→ **THE DATA**
::::

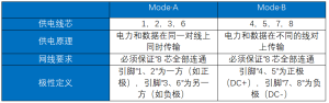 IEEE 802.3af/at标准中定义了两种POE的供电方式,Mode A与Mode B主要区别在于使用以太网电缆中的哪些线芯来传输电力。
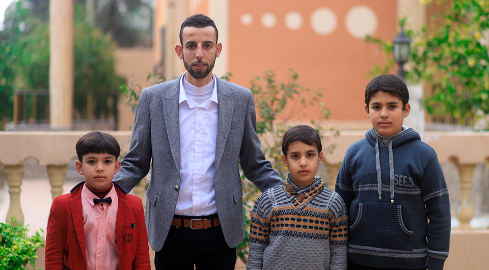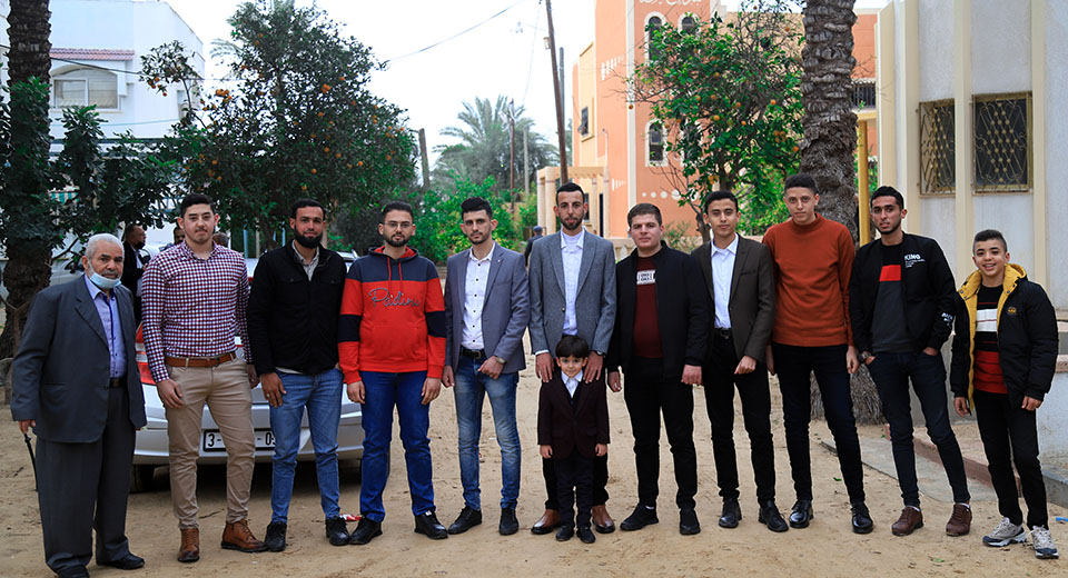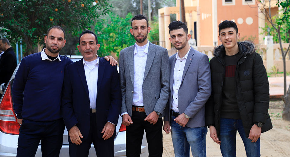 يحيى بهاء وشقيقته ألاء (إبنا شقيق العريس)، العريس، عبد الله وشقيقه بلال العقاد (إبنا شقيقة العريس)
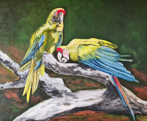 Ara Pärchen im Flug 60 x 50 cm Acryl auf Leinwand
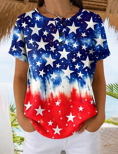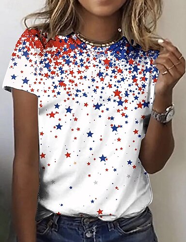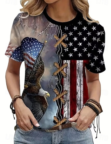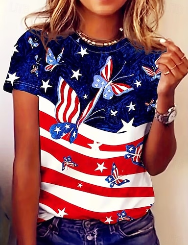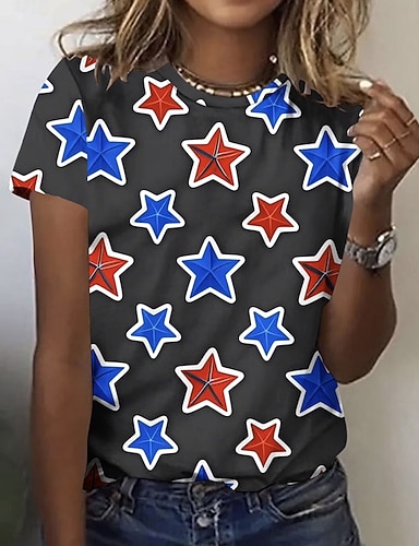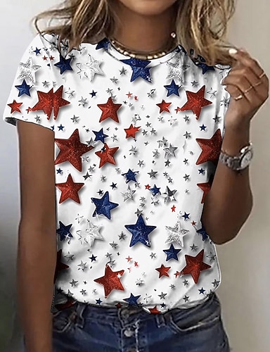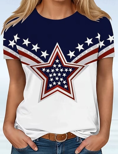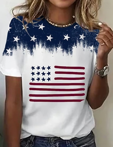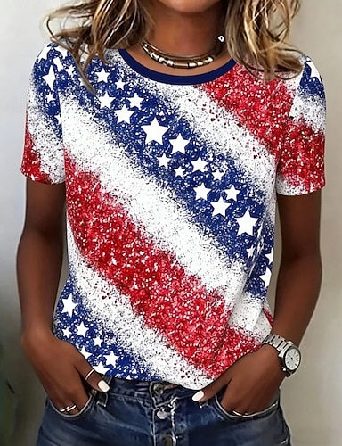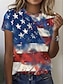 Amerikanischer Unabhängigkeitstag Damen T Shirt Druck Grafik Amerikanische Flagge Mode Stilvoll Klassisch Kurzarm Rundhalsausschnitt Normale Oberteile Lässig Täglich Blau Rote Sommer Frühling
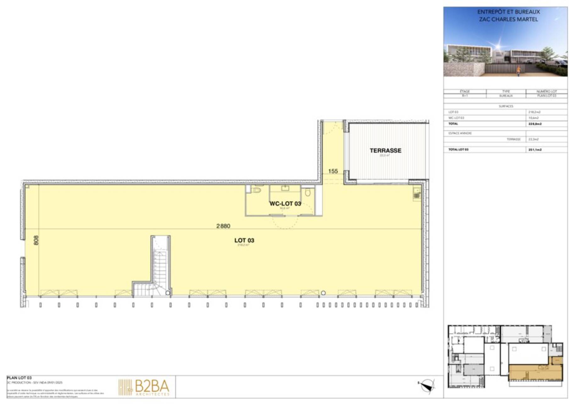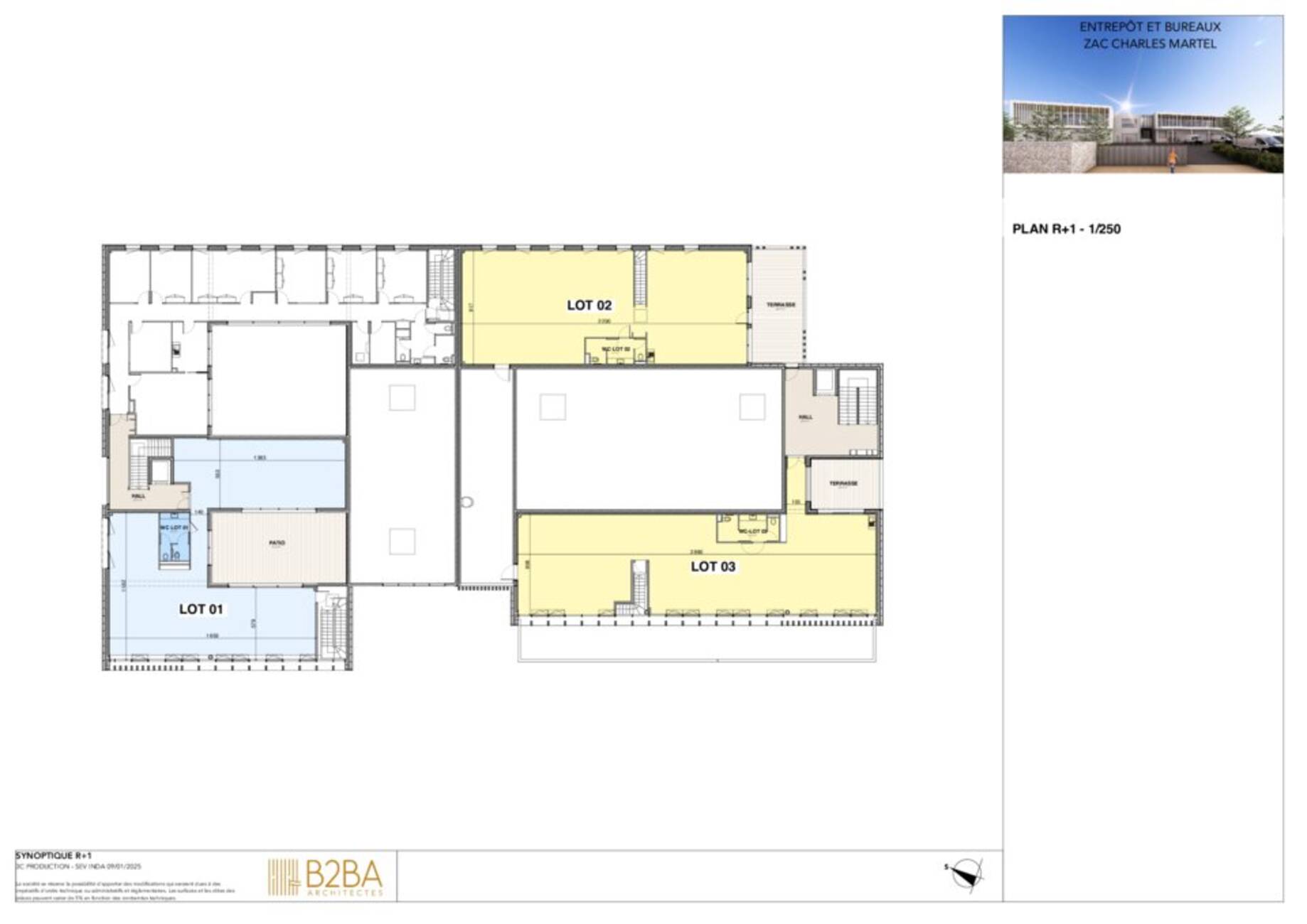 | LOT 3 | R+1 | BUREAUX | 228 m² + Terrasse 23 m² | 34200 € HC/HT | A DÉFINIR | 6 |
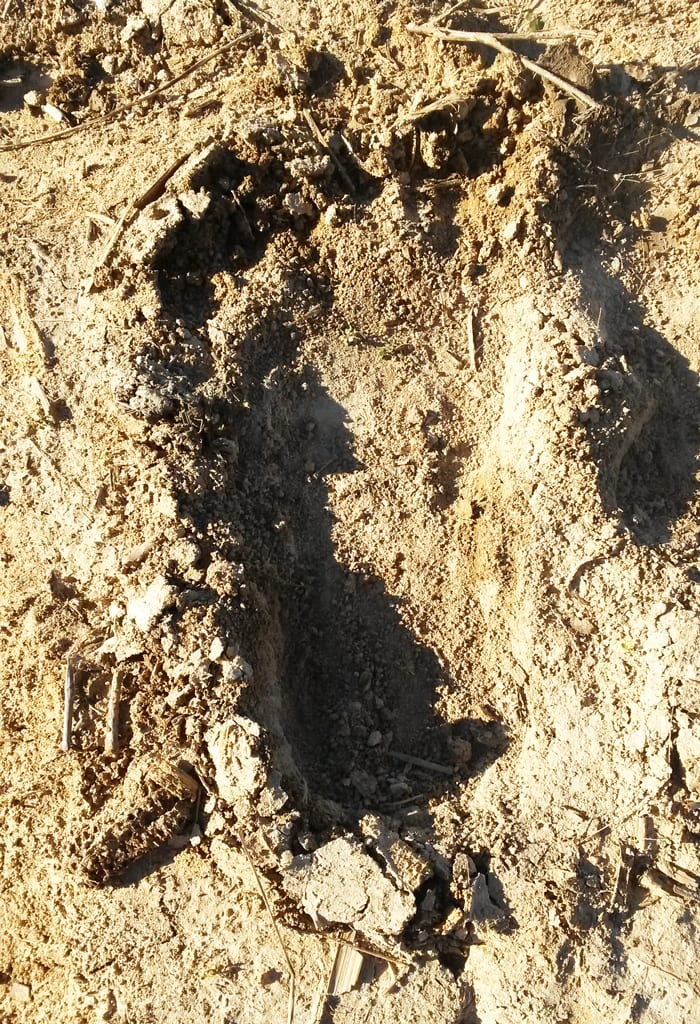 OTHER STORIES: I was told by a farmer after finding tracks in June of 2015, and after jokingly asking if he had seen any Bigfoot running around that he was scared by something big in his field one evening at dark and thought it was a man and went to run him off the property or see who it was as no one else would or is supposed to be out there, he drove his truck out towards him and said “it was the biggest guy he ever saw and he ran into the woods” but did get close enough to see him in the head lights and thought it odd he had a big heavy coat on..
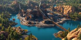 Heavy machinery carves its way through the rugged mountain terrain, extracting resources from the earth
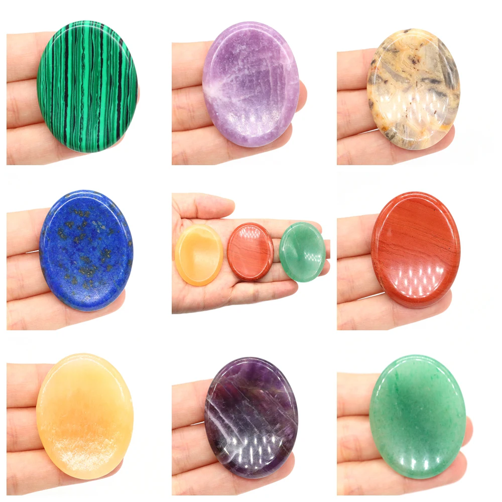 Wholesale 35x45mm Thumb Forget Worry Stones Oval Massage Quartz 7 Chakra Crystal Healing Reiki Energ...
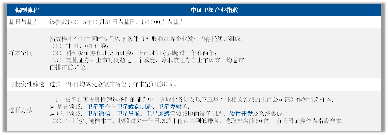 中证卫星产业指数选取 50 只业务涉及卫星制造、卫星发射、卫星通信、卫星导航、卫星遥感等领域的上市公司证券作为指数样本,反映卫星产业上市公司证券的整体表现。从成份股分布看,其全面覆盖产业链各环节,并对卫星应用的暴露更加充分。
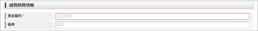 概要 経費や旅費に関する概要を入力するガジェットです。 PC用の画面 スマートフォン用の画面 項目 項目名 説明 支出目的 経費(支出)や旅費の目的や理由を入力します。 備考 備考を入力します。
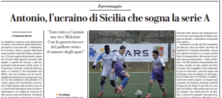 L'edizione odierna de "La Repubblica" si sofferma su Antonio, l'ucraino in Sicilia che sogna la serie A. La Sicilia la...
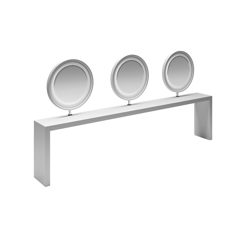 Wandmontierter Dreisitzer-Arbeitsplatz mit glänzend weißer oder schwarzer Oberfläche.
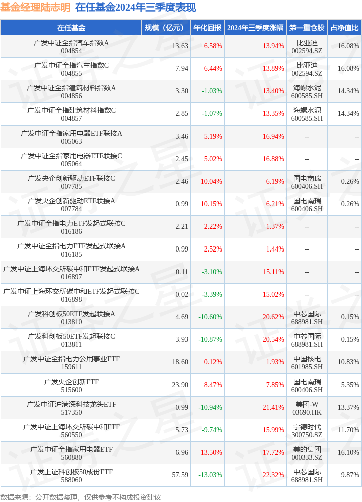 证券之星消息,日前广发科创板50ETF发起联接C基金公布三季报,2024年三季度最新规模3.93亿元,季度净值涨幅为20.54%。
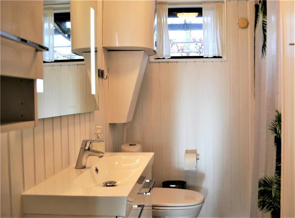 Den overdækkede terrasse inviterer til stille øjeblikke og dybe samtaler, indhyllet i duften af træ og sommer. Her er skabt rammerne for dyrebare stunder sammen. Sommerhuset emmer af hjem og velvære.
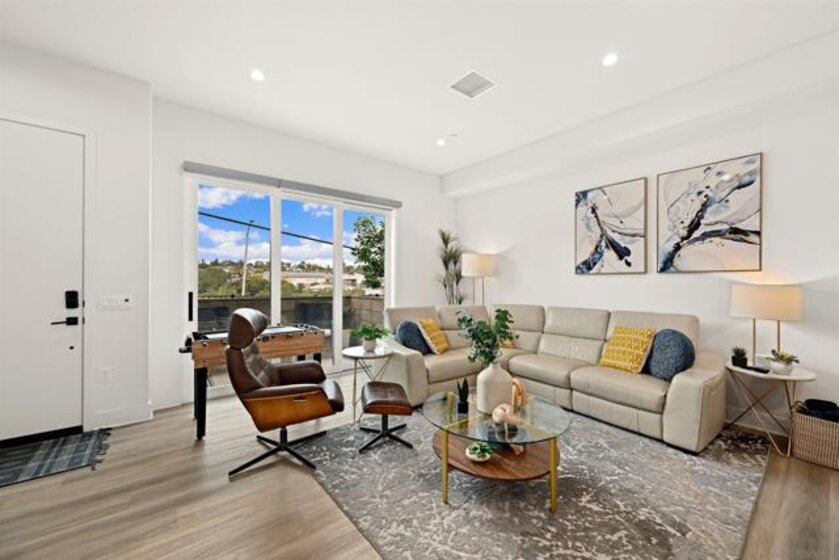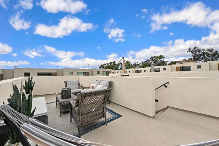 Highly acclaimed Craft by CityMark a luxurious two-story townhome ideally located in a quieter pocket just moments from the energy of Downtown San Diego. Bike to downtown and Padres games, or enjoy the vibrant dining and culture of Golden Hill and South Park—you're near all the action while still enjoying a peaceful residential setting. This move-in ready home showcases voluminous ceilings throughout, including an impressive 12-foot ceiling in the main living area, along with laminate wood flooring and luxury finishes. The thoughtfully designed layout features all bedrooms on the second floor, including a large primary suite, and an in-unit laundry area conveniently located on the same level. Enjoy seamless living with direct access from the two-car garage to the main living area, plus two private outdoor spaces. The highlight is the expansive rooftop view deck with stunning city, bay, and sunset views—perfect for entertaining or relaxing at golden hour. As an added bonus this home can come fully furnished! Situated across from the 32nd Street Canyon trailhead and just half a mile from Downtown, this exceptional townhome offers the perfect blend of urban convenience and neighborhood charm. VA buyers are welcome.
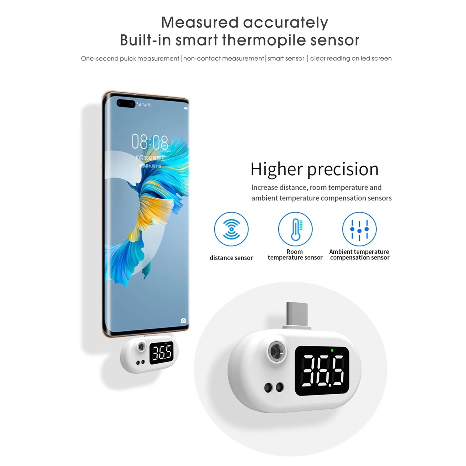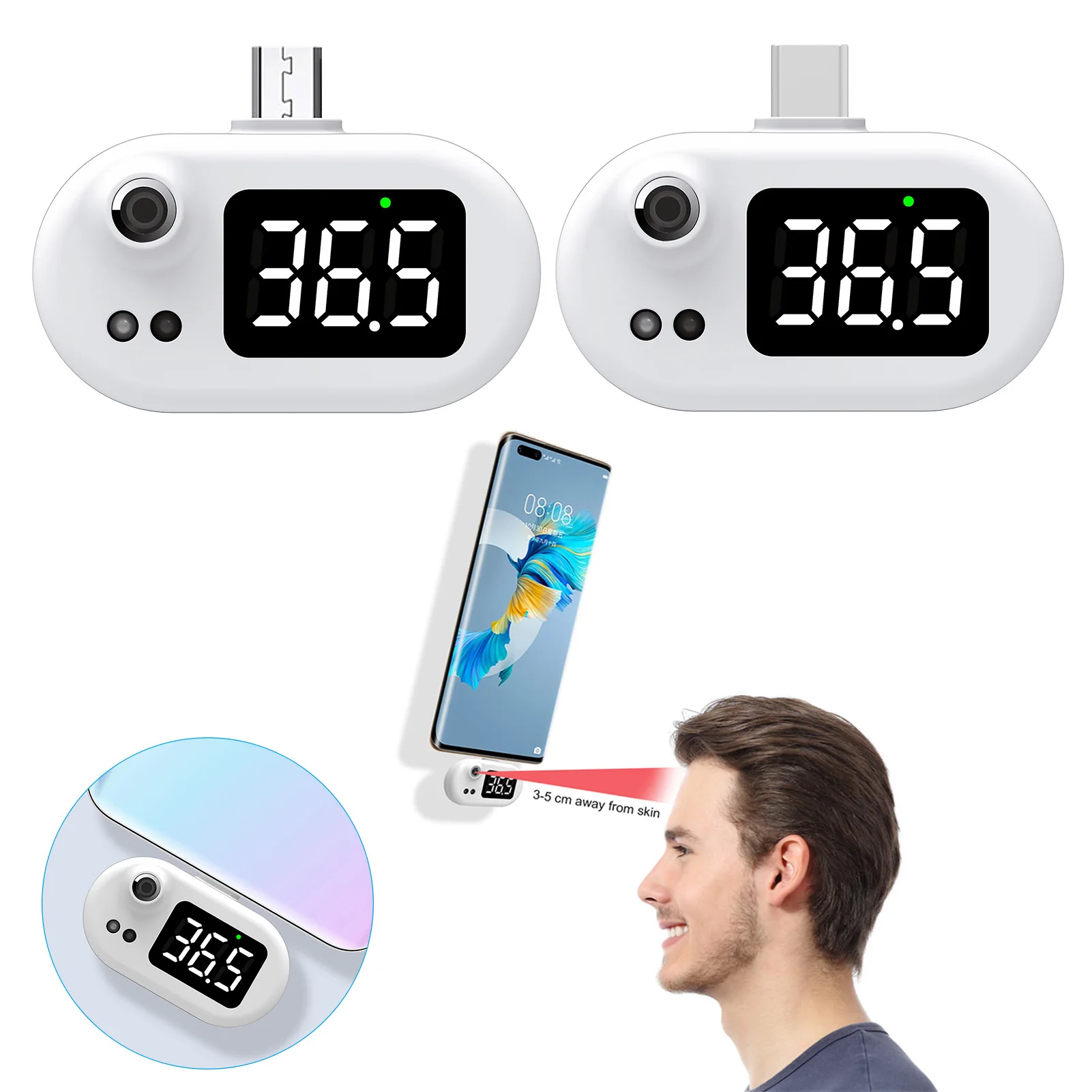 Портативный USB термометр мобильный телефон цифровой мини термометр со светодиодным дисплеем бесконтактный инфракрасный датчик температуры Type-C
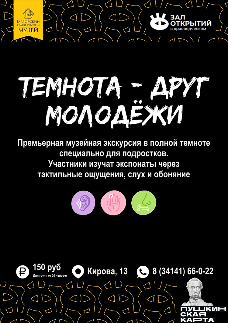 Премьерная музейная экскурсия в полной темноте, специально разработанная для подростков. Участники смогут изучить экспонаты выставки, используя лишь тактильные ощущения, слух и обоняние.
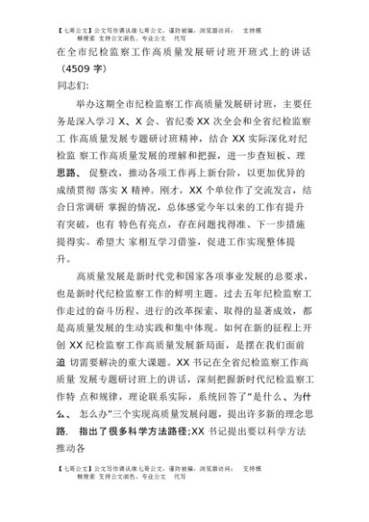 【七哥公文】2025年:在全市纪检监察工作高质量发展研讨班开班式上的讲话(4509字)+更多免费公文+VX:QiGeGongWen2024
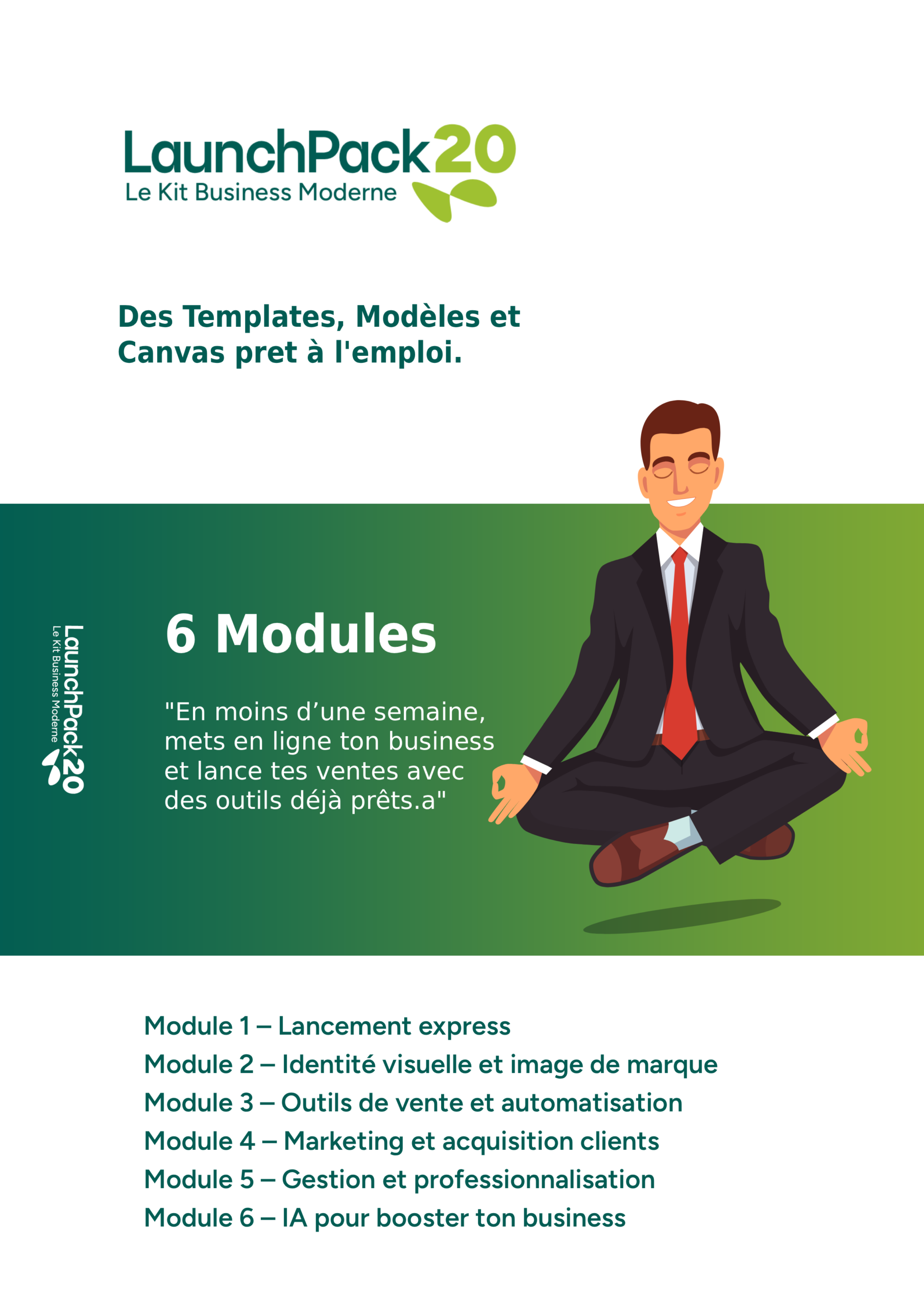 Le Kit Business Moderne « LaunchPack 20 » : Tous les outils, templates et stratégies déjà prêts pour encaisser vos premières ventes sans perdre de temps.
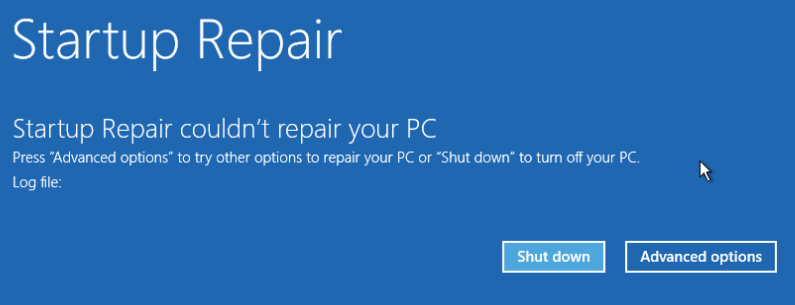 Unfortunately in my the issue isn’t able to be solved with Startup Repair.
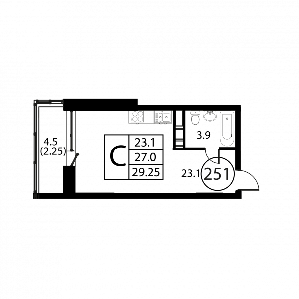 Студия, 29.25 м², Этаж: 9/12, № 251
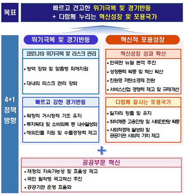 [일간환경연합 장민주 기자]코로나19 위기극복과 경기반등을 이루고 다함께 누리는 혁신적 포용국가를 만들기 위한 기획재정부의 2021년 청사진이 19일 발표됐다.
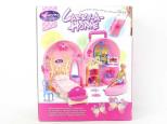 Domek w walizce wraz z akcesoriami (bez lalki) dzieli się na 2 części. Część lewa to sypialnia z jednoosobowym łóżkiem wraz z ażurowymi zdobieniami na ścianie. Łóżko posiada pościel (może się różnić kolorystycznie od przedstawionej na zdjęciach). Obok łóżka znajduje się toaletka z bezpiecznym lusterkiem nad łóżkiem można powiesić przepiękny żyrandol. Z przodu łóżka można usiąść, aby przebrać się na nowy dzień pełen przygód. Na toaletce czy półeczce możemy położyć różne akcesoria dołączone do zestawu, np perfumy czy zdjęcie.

::::

→ **PROBLEM DETAILS**
In the listing above, find the line with "证券之星消息,日前广发科创板" and the line with "Den overdækkede terrasse". Copy exactly those two and every line between, without the pictures.

→ **THE ANSWER**
 证券之星消息,日前广发科创板50ETF发起联接C基金公布三季报,2024年三季度最新规模3.93亿元,季度净值涨幅为20.54%。
 Den overdækkede terrasse inviterer til stille øjeblikke og dybe samtaler, indhyllet i duften af træ og sommer. Her er skabt rammerne for dyrebare stunder sammen. Sommerhuset emmer af hjem og velvære.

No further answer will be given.